Problem statement:
The response should contain all of the data below, reproduced exactly, and no pictures.

Given material:
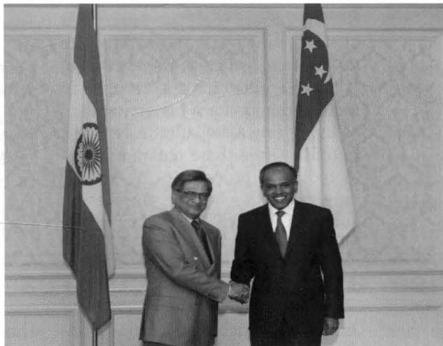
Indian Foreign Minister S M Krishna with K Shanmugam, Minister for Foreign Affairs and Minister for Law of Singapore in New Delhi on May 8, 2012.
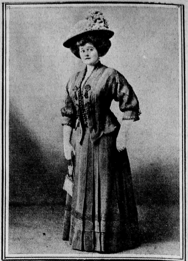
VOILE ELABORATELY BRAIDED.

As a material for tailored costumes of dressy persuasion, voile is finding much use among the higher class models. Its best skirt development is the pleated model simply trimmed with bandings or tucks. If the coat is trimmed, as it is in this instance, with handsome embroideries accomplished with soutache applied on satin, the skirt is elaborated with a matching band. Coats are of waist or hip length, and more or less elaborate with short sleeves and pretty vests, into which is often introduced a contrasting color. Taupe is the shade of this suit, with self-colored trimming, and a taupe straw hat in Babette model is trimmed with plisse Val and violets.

Solved problem:
Indian Foreign Minister S M Krishna with K Shanmugam, Minister for Foreign Affairs and Minister for Law of Singapore in New Delhi on May 8, 2012.
VOILE ELABORATELY BRAIDED.

As a material for tailored costumes of dressy persuasion, voile is finding much use among the higher class models. Its best skirt development is the pleated model simply trimmed with bandings or tucks. If the coat is trimmed, as it is in this instance, with handsome embroideries accomplished with soutache applied on satin, the skirt is elaborated with a matching band. Coats are of waist or hip length, and more or less elaborate with short sleeves and pretty vests, into which is often introduced a contrasting color. Taupe is the shade of this suit, with self-colored trimming, and a taupe straw hat in Babette model is trimmed with plisse Val and violets.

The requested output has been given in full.